In re Industrial Commercial Electrical, Inc., No. 04-40038-WGY.
Court | United States District Courts. 1st Circuit. United States District Courts. 1st Circuit. District of Massachusetts |
Writing for the Court | YOUNG |
Citation | 319 B.R. 35 |
Decision Date | 04 January 2005 |
Docket Number | No. 04-40038-WGY. |
Parties | In re INDUSTRIAL COMMERCIAL ELECTRICAL, INC., I.C.E. Management Corp., and I.C.E.-Conn, Inc., Debtors. United States Internal Revenue Service, Appellant, v. Official Committee of Unsecured Creditors of Industrial Commercial Electrical, Inc., I.C.E. Management Corp., and I.C.E.-Conn, Inc., Appellee. |
319 B.R. 35
In re INDUSTRIAL COMMERCIAL ELECTRICAL, INC., I.C.E. Management Corp., and I.C.E.-Conn, Inc., Debtors.

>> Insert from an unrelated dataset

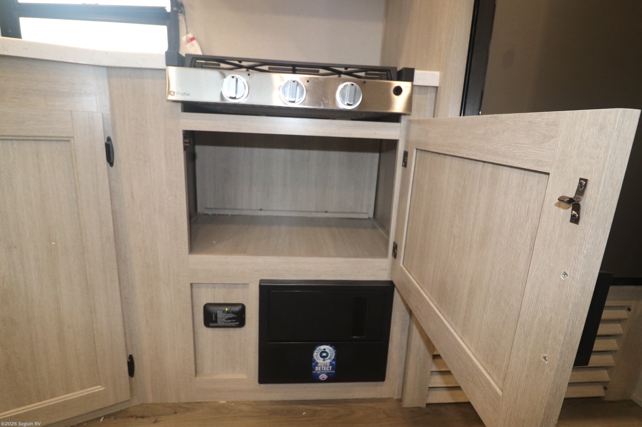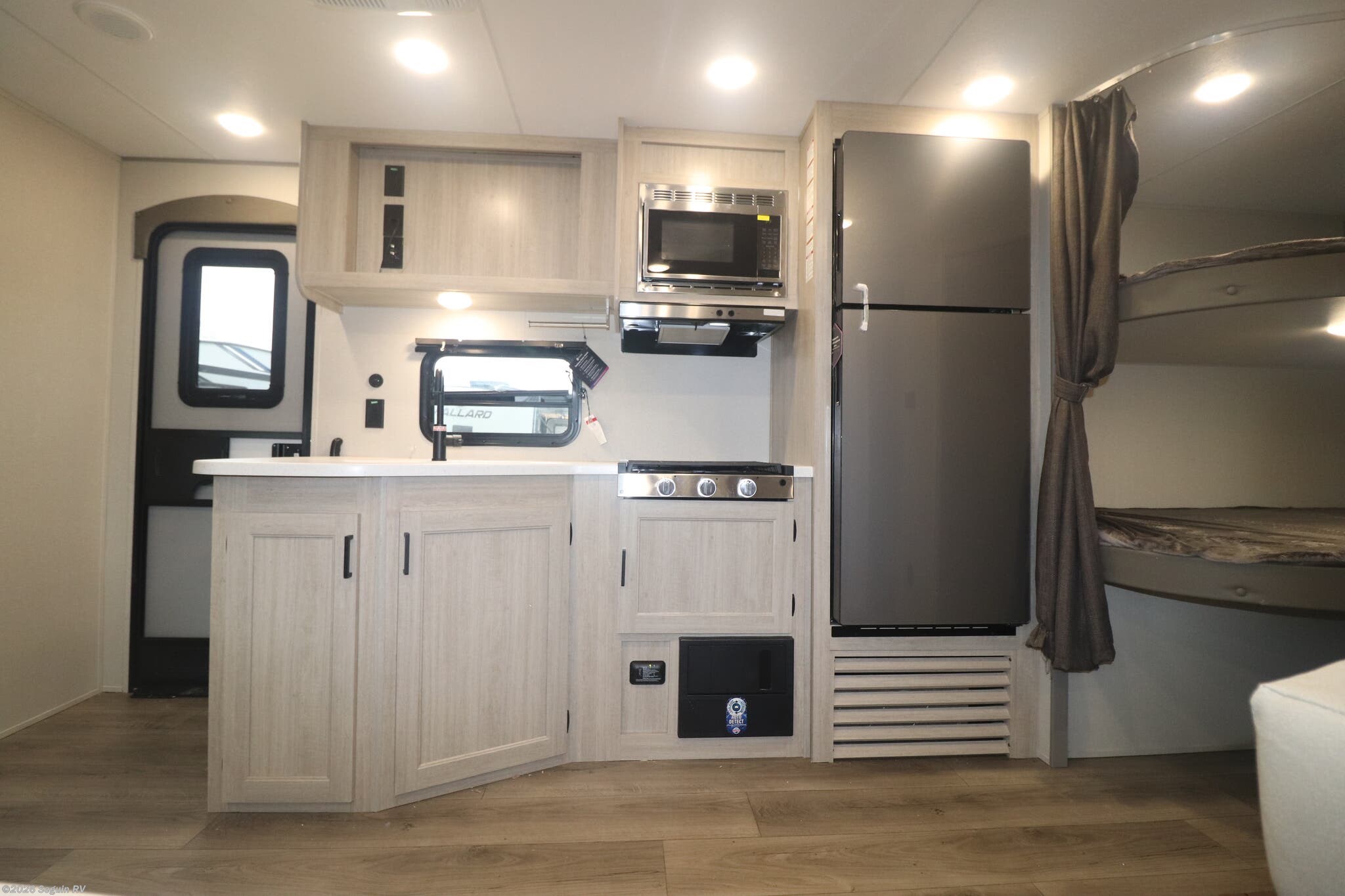 - Compact, easy-to-tow travel trailer with a family-friendly floorplan.

United States Internal Revenue Service, Appellant,
v.
Official Committee of Unsecured Creditors of Industrial Commercial Electrical, Inc., I.C.E. Management Corp., and I.C.E.-Conn, Inc., Appellee.
No. 04-40038-WGY.
United States District Court, D. Massachusetts.
January 4, 2005.
COPYRIGHT MATERIAL OMITTED
COPYRIGHT MATERIAL OMITTED
Carl D. Aframe, Aframe, Barnhill & Von Timroth, P.A., Worcester, MA, for I.C.E. Management Corporation, I.C.E.-Conn, Inc., Industrial Commercial Electrical, Inc., Appellee.
Michael J. Fencer, Jager Smith, P.C., Boston, MA, for Official Committee of Unsecured Creditors, I.C.E. Management Corporation, I.C.E.-Conn, Inc., Appellee.
Barry E. Reiferson, U.S. Department of Justice, Trial Attorney, Tax Division, Washington, DC, for United States of America, Appellant.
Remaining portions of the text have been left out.